This Amendment No. One to the Loan and Security Agreement dated JANUARY 29,     
1999 (this "Amendment") is made as of the 29TH day of JANUARY, 1999, by and
between General Electric Capital Business Asset Funding Corporation ("Lender")
and Michael Anthony Jewelers, Inc. ("Borrower") with respect to the following
facts:

         a. Lender and Borrower are parties to that certain Loan and Security
Agreement of even date herewith (the "Agreement").

         b.
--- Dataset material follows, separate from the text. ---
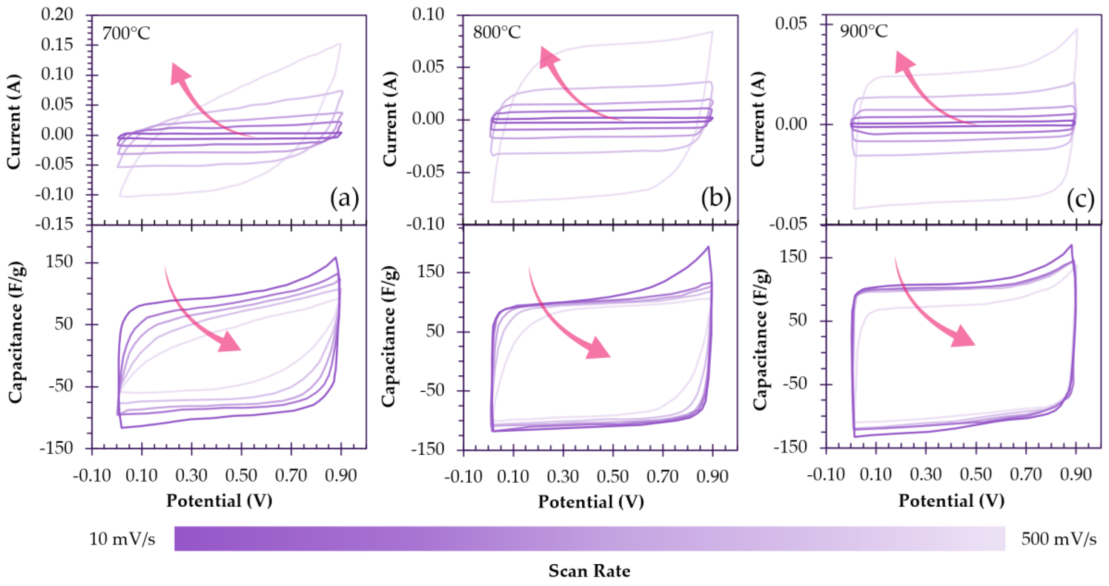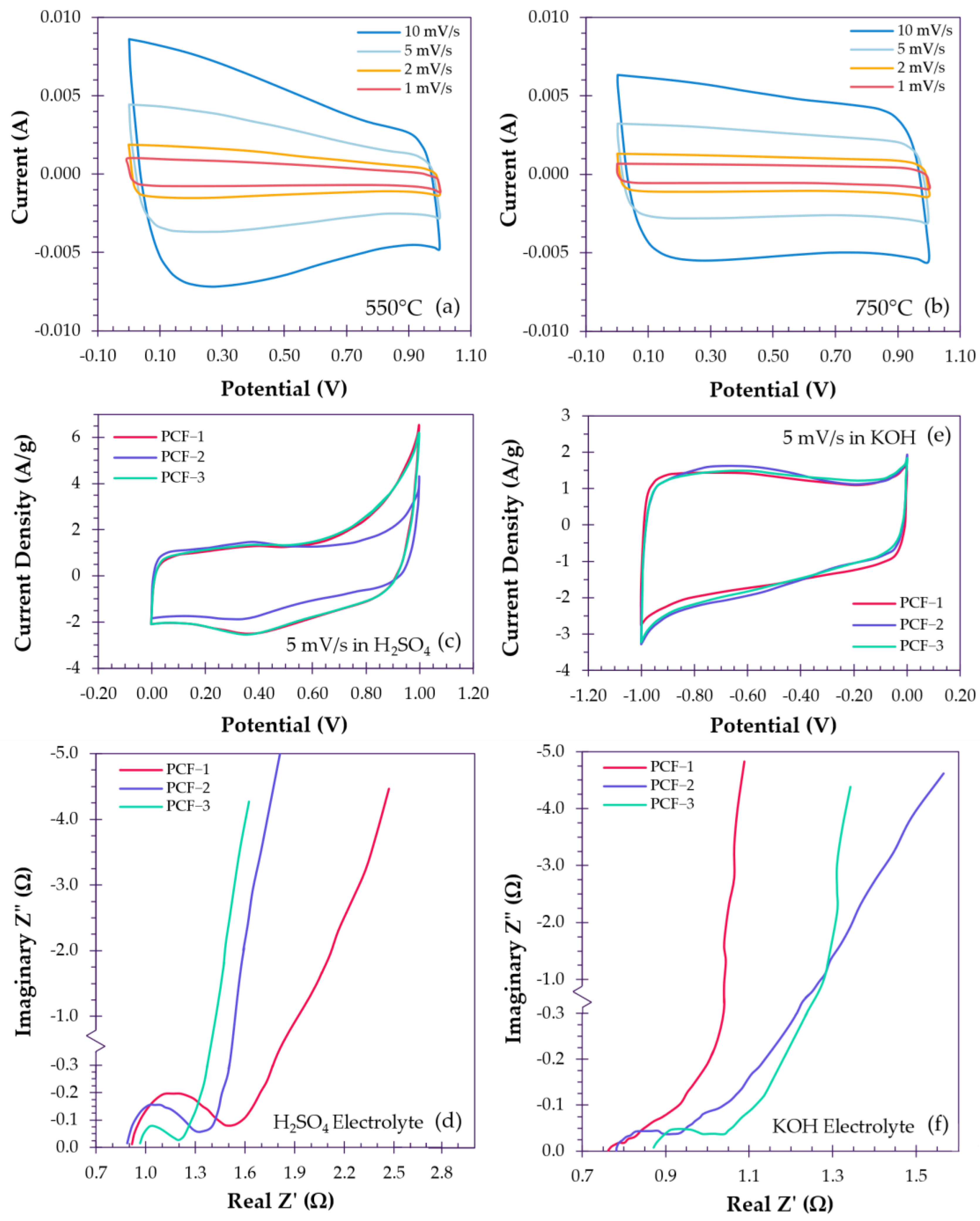 | Pitch/PAN ACNFs | 1724 | 49.20% | Symmetrical Two-Electrode | 6 M KOH | 143.5 | 1 mA/cm2 | – | – | [96] |

Lender and Borrower wish to amend the Agreement as provided in this
Amendment.

NOW, THEREFORE, for good and valuable consideration, the receipt and sufficiency
of which are hereby acknowledged by Lender and Borrower, Lender and Borrower
hereby agree as follows:

         1. Section 5(e) is hereby amended by adding the following sentence
after the first sentence of such section:

            The foregoing sentence shall not be construed to prohibit Borrower
            from seeking and, if granted, complying with extensions of tax
            filing or payment deadlines, provided the same is permitted under
            applicable law and does not result in any lien on any Equipment.

         2. Section 5(f) of the Agreement is hereby amended by adding the
following language at the end of such section:

            except for any lender's lien on any Equipment if (but only if) such
            lien is (i) disclosed to Lender in writing by Borrower prior to the
            closing of the Loan for such Equipment and (ii) released
            simultaneously with such closing (any such lien, if so disclosed and
            released, being referred to herein as a "Temporary Lien").

         3. Section 6(c) of the Agreement is hereby amended by adding the
following language before the word "Borrower" where such word first appears in
such section:

            and except for any Temporary Liens,

         4. Section 6(c) of the Agreement is hereby further amended by adding 
the following language at the end of such section:

            ; provided, that Borrower may sell or otherwise dispose of any of
            the Equipment if, but only if, Borrower is not then in default and,
            prior to such sale or other disposition, Borrower either (i) repays
            to Lender the portion of the remaining balance of the Loan
            attributable to such Equipment (such amount to be approved by
            Lender), plus the prepayment premium thereon (calculated in
            accordance with the formula set forth in the Term Note for such
            Loan) or (ii) grants to Lender a security interest in other
            equipment of similar type and value that is (A) owned by Borrower
            free and clear of all liens or other claims or interests (other
            than the subordinate liens, other claims or interests (if any) that
            were permitted on the disposed Equipment) and (B) otherwise in
            compliance with and fully subject to the requirements of the
            applicable Loan Documents, and Borrower executes and delivers to
            Lender such financing statements and other documents as Lender
            shall request to perfect and protect its first priority security
            interest in such replacement equipment; further provided, that,
            within any one-year period, (x) Borrower may only so dispose of
            Equipment a maximum of two times and (y) the total remaining
            balance of the Loan attributable to the Equipment disposed in such
            year shall not exceed $200,000.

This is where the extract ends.